In the first instalment, I mentioned the importance I attach to being able, as much as is reasonable, to subject the guts of CLI programs to automated testing. As such, separating out the action logic into pown.[ch]pp is an important step. However, there’s still a problem. Consider the current definition of pown() (which is that from Listing 1 transplanted into its own source file, with requisite includes): it has three areas of undue coupling:

You may offer a fourth area of undue coupling – use of Pantheios C++ API diagnostic statements. The rejoinder I would offer to that is an article in itself, so in this context I will simply observe that diagnostic logging is important, it must reliably be available at all points during the lifetime of a program, it must be very efficient when enabled and have negligible runtime cost when not, it should be near impossible to write defective code using it, any non-standard (and they are all non-standard) diagnostic logging API will incur some coupling however far one might wish to abstract it, and that there is no (possibility of a) perfect solution. (Though I couldn’t be more biased) I believe that Pantheios offers the best mix of features and, since it may be stubbed readily at both compile and link-time, I think it’s as less bad as coupling can get.

To our three areas of undue coupling. The first two are basically the same thing: the output streams are hard-coded into the function, which restricts potential uses of the function. Even if we would always want those output streams in the wild, hard-coding makes automated testing more difficult. The answer is simple – to pass in the stream pointers as parameters to pown() – though the rationale may be less clear cut (see sidebar).
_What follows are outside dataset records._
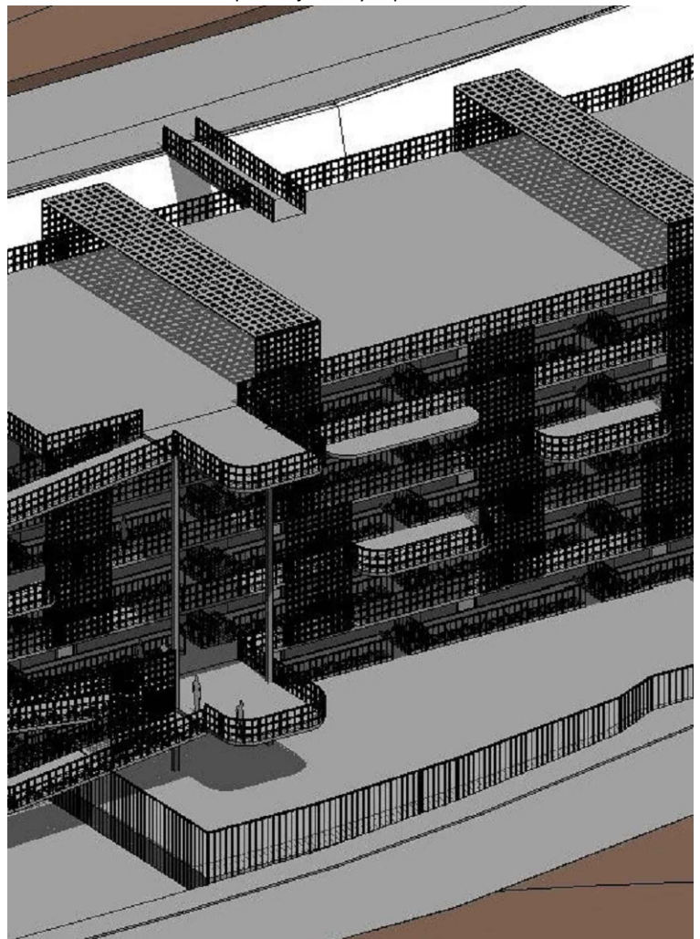
Celosías verticales y pérgolas
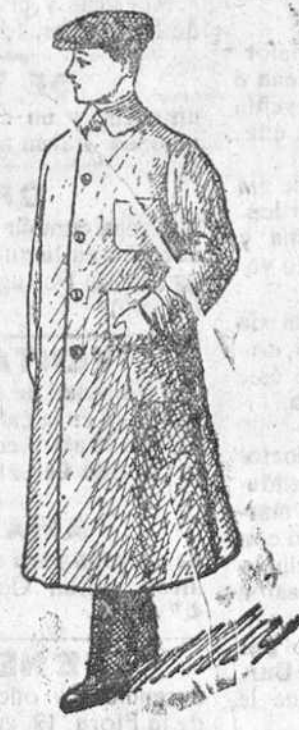
Guardapolvos de caballero, señora, jóvenes y niños á 6, 7, 8, 10 y 15 pesetas.
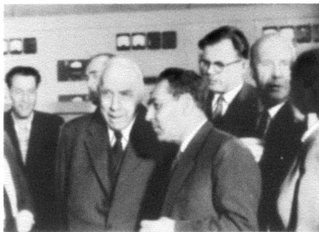
Гость ОИЯИ — выдающийся ученый Нильс Бор. Дубна, 1961 г.

Дубна располагает уникальными в своем классе ускорителями заряженных частиц и ядер в широком диапазоне энергий. Помимо синхроциклотрона и синхрофазотрона, в лабораториях Института действуют ускорители тяжелых ионов У-200 и У-400; в 1993 г. получен пучок ионов, выведенный из нового циклотрона У-400М; в 1993–1994 гг. введен в действие сверхпроводящий ускоритель релятивистских ядер — нуклотрон.
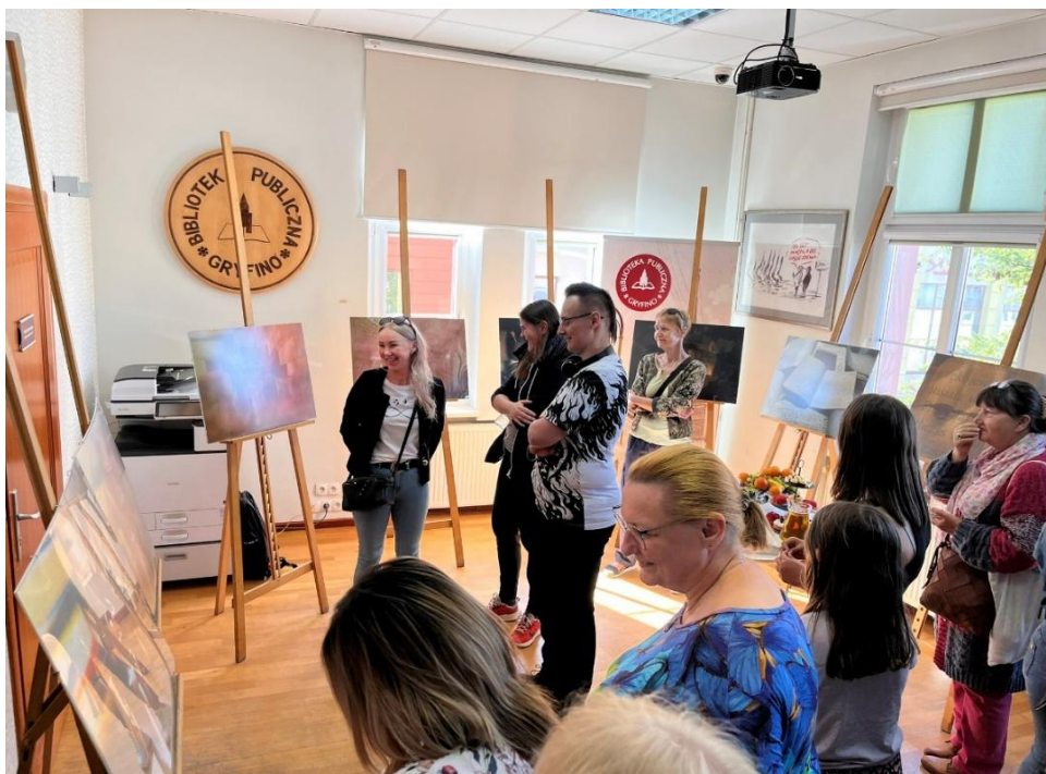
Fot. 4. Wystawa „Geneza Myśli” autorstwa Andrzeja Kaczora

17 maja na pl. ks. Barnima I pracownicy biblioteki rozstawili plenerową wystawę pt.: „Melchior Wańkowicz pod Monte Cassino”, przygotowaną z okazji 80. rocznicy bitwy o Monte Cassino. Ekspozycja poświęcona była postaci wybitnego reportażysty i pisarza, który dokumentował historię tej jednej z najważniejszych bitew II wojny światowej. Wystawa była dostępna dla zwiedzających do 31 maja 2024 roku.

That just leaves coupling to identity. Fairly obviously, coupling to any preprocessor symbol is not a great idea. (The main reason why TOOL_NAME is even a preprocessor symbol is to facilitate widestring builds, which I'm not dealing with in this instalment; the other, minor one, is that it can be used in composing string fragments, as seen in the definition of the literal string initialiser for toolUsage in Listing 1.) The fix here is just as simple as with the streams: a parameter to the function, as shown in Listing 3.

#include <stdio.h>
int
pown(
  char const* path
, char const* program_name
, FILE*       stm_output
, FILE*       stm_cr
);
			
Listing 3

Finally, though it’s not shown in this example, I believe it’s appropriate to place the action logic library components in a namespace, since it’s conceivable that the names may clash with those in an automated framework (less likely) or with those of other components when used in other program contexts (more likely). I’ll illustrate this clearly in the next instalment.

Summary

In these two articles I have considered some of the fundamental – important, but not very exiting – aspects of program structure in C and C++ CLI programs, and have outlined in this instalment a delineation scheme that is now sufficient for all CLI programs, even large ones for which multiple (implementation and/or header) files for action logic are required, and may be encapsulated into a framework and/or generated by a wizard. Program generating wizards can follow the separation defined previously, and can, in the same operation, generate automated test client programs that include the action logic header and implementation files.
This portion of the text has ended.